WORK ITEM
Beneath this line are the data; copy exactly the part of them that opens with the line containing "体験するのは、かざぐるまや紙" and closes with the line containing "- Rear bed (transverse): 197 cm x 157 cm", and only that part.

DATA EXCERPTS
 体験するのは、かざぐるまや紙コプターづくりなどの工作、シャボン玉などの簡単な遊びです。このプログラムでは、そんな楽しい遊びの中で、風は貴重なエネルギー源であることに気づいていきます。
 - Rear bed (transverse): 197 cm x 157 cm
==
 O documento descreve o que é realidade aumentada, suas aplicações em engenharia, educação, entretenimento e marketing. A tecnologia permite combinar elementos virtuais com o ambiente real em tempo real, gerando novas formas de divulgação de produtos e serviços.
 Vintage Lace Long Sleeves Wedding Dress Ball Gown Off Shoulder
==
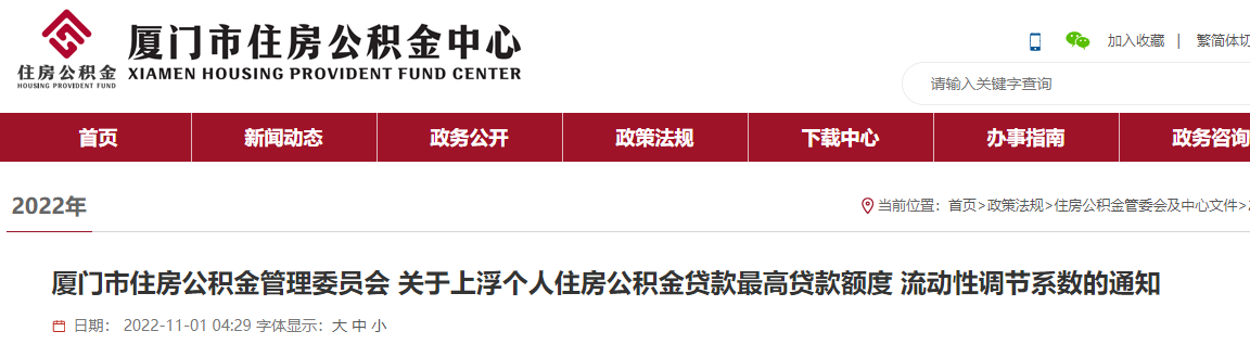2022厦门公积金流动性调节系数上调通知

TASK RESULT
 体験するのは、かざぐるまや紙コプターづくりなどの工作、シャボン玉などの簡単な遊びです。このプログラムでは、そんな楽しい遊びの中で、風は貴重なエネルギー源であることに気づいていきます。
 - Rear bed (transverse): 197 cm x 157 cm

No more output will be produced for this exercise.